Tuesday 9 June 2015

Movie Review: The SpongeBob Movie: Sponge Out Of Water 3D


How nice it would be,
To live in a pineapple under the sea. 
Eat a Krabby Patty 
For breakfast, lunch and dinner. 

I'm not very good with rhymes. But Stephen Hillenburg is, assuming he's behind the SpongeBob theme song, which is arguably the catchiest theme song for a cartoon ever. First a marine biologist and then an animator, it doesn't take a genius to see how SpongeBob came into being. Actually, it really does. That's what makes SpongeBob different from, say, Dora the explorer. Dora does appeal to kids, and is probably more informative than SpongeBob (Dora taught me to count to three in Spanish!!). But when it comes to entertainment, SpongeBob is pure genius. 

There's a reason it never loses fans. The theater was an even mix of kids, teenagers and twenty year olds. The show was something that appealed to anyone. This movie is no different. On one level, it's full of kiddy jokes and themes that could move only children. On another, it's full of meta-commentary that makes those very same jokes seem like something else altogether. 
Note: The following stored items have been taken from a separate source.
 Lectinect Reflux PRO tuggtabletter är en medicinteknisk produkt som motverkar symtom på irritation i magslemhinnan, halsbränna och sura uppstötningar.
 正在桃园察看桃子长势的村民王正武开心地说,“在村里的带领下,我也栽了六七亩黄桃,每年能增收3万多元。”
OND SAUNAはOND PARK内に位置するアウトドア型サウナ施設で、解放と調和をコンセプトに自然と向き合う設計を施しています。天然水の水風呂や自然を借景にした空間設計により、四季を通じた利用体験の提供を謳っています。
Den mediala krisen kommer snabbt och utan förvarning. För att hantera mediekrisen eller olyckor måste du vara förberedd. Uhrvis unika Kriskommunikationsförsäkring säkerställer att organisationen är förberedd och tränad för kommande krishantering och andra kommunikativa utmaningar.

The movie starts with an epic food battle between Plankton and SpongeBob over the recipe for the legendary Krabby Patty. But during a climatic tug of war between Bob and Plankton, the bottle disappears. With the recipe for the Krabby Patty gone, Bikini Bottom turns into an apocalyptic cesspool, with its suddenly leather clad citizens (Mad Max?) hunting down Plankton and Bob who form an alliance to find the recipe and restore order. They embark on a journey through time (soo damn trippy-that Tame Impala influence on Hillenburg really shows), and even through SpongeBob's subconscious for the recipe. There's a slight nod to Hitchhikers Guide To The Galaxy in the former part that's both insane and awesome. 
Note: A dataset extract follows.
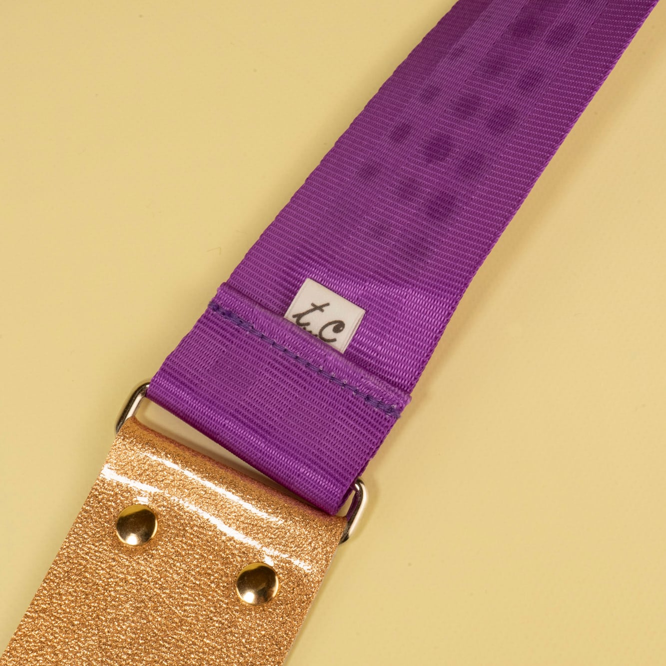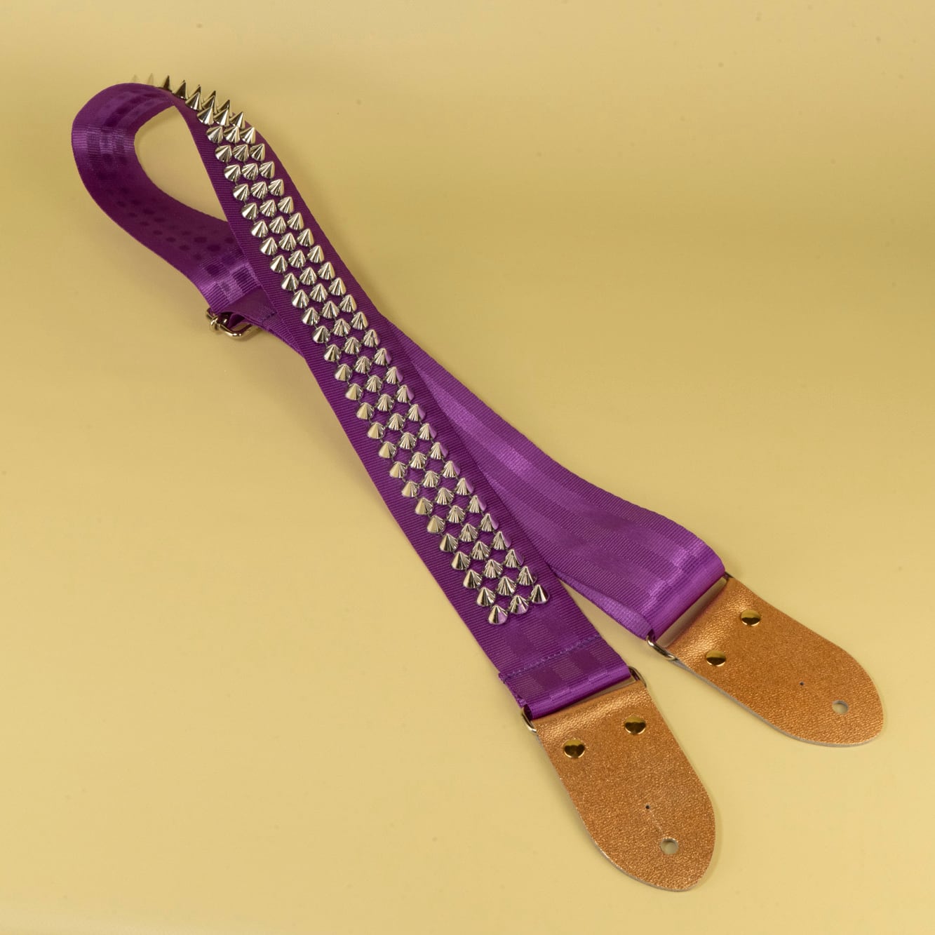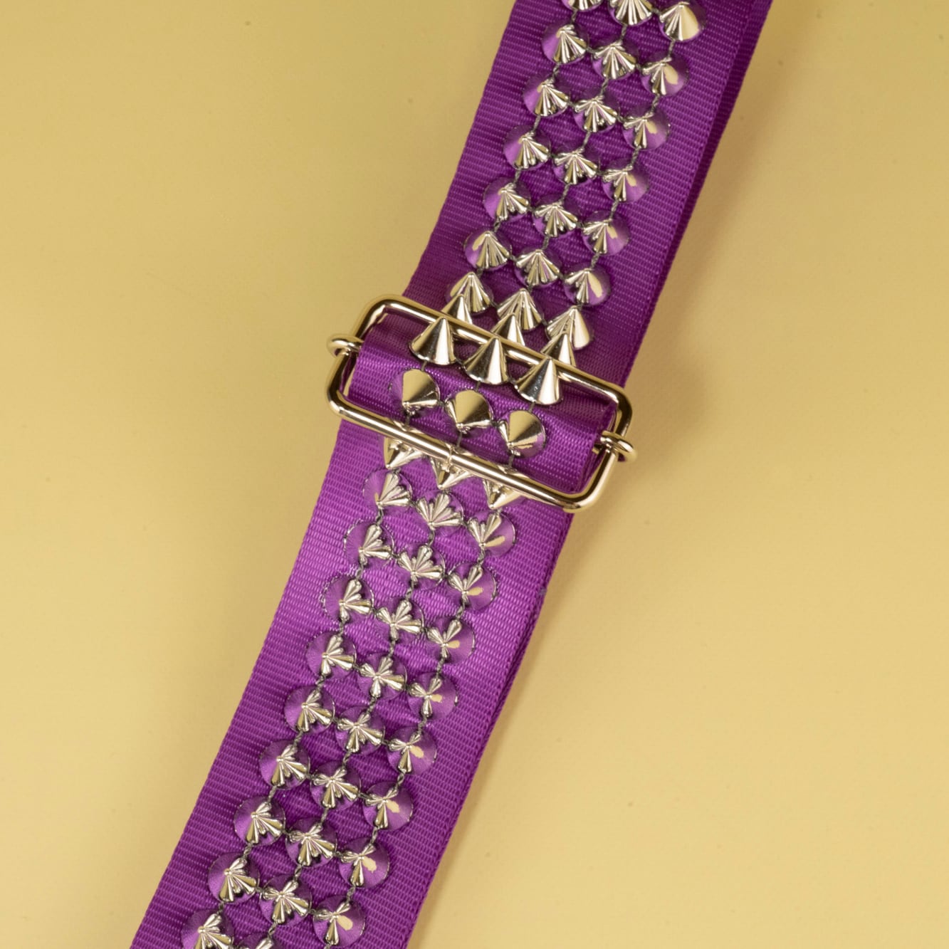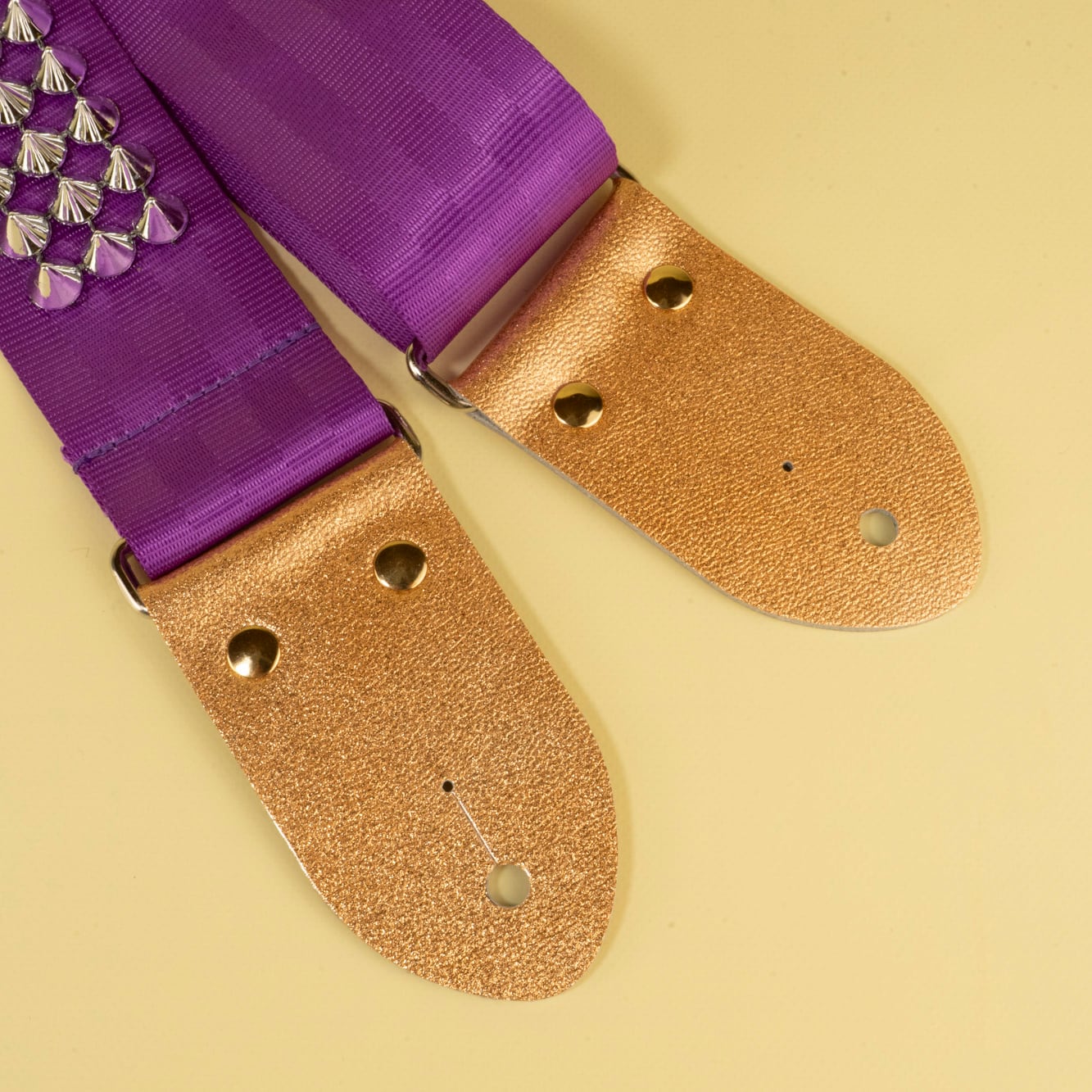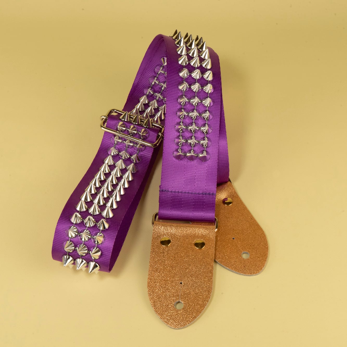 ポップカラーのしなやかなシートベルト素材に、たっぷりのラメが散りばめられたグリッターエナメルのストラップエンド、ギラギラに光り輝くシルバースタッズのカッコかわいいギターストラップに仕上がっています。

Finally they manage to get the rest of the citizens of Bikini Bottom to trust them and they follow the faint scent of a Krabby Patty together till it leads them to the surface. At this point the movie turns on itself, and a random citizen irritatedly says,"Alright, all secondary characters follow me." And they all turn back leaving only the core characters-the employees of the Krusty Krab plus Patrick and a stowaway Plankton to proceed to the surface. Here the encounter a burger-making pirate with a reality altering book that turns the movie into an epic superhero slugfest that could compete with the Avengers. 



If the above gist of the movie doesn't convince to watch it, I don't know what will. But you really should. It's pure nuts. Just to summarise, it's got time travel, journeys through the subconscious, epic Lord Of The Rings-esque journeys, a post apocalyptic Bikini Bottom, and SpongeBob. 


My only gripe would be the weird camerawork in the above water parts, but it was clearly done intentionally to make the sequence seem campier. So I'm actually quite okay with it. I'd have said it's too long, but when the credits started rolling I really wanted more. So I apparently have no problems with the movie at all. 

So watch it, goddammit. Watch it now.